Here, the authoring panel denied the motion for rehearing. The court, en banc, requested and received a response to the second issue raised in the motion for reconsideration en banc: whether “[e]ven if legally insufficient, this case should be remanded for a new trial.” The court subsequently granted en banc reconsideration of the second issue in the Department's motion to reconsider the panel's disposition of the appeal to ensure uniformity in this court's decisions. See Tex. R. App. P. 41.2(c). The panel's July 1, 2020 opinion, holding the evidence presented at trial was legally insufficient to support the trial court's finding that termination of the parent-child relationship between William and J.M.T. was in the child's best interest, remains the opinion of the court. See J.M.T., 2020 WL 3547971. However, we withdraw the judgment issued July 1, 2020, and substitute the one issued today.

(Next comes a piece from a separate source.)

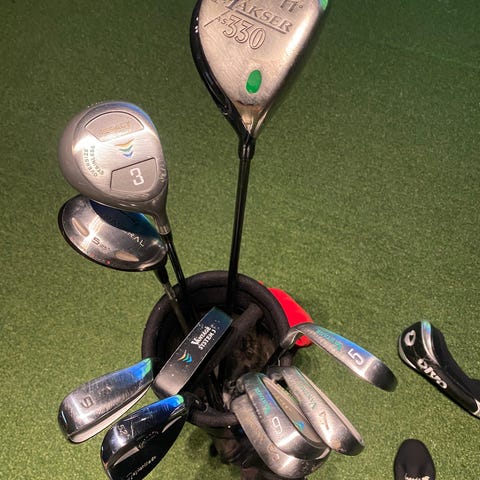Golfsett med jernkøller og golfbag. Sett med flere jernkøller i metall, samt golfbag med bærestropp og flere lommer til oppbevaring av utstyr og tilbehør. Egnet for golfspill på bane eller trening på driving range. Kan være behjelpelig med frakt i Bergen og Stord området

The General Rule Requiring Rendition of Judgment
When a party raises both legal and factual sufficiency points, the court of appeals should rule on the legal sufficiency point first. Glover v. Tex. Gen. Indem. Co., 619 S.W.2d 400, 401 (Tex. 1981) (citing Robert W. Calvert, “No Evidence” and “Insufficient Evidence” Points of Error, 38 Tex. L. Rev. 361, 369 (1960)). Generally, if the court of appeals sustains the legal sufficiency point, “it is the court's duty to render judgment for appellant.” Vista Chevrolet, Inc. v. Lewis, 709 S.W.2d 176, 176 (Tex. 1986). These principles, which are incorporated into Rule 43.3 of the Texas Rules of Appellate Procedure, are “mandatory and ․ courts of appeals are not at liberty to disregard them.” Bradleys' Elec., Inc. v. Cigna Lloyds Ins. Co., 995 S.W.2d 675, 677 (Tex. 1999). The principles apply equally in parental rights termination cases; if the court concludes the evidence is legally insufficient, “[r]endition of judgment in favor of the parent would generally be required.” In re J.F.C., 96 S.W.3d 256, 266 (Tex. 2002).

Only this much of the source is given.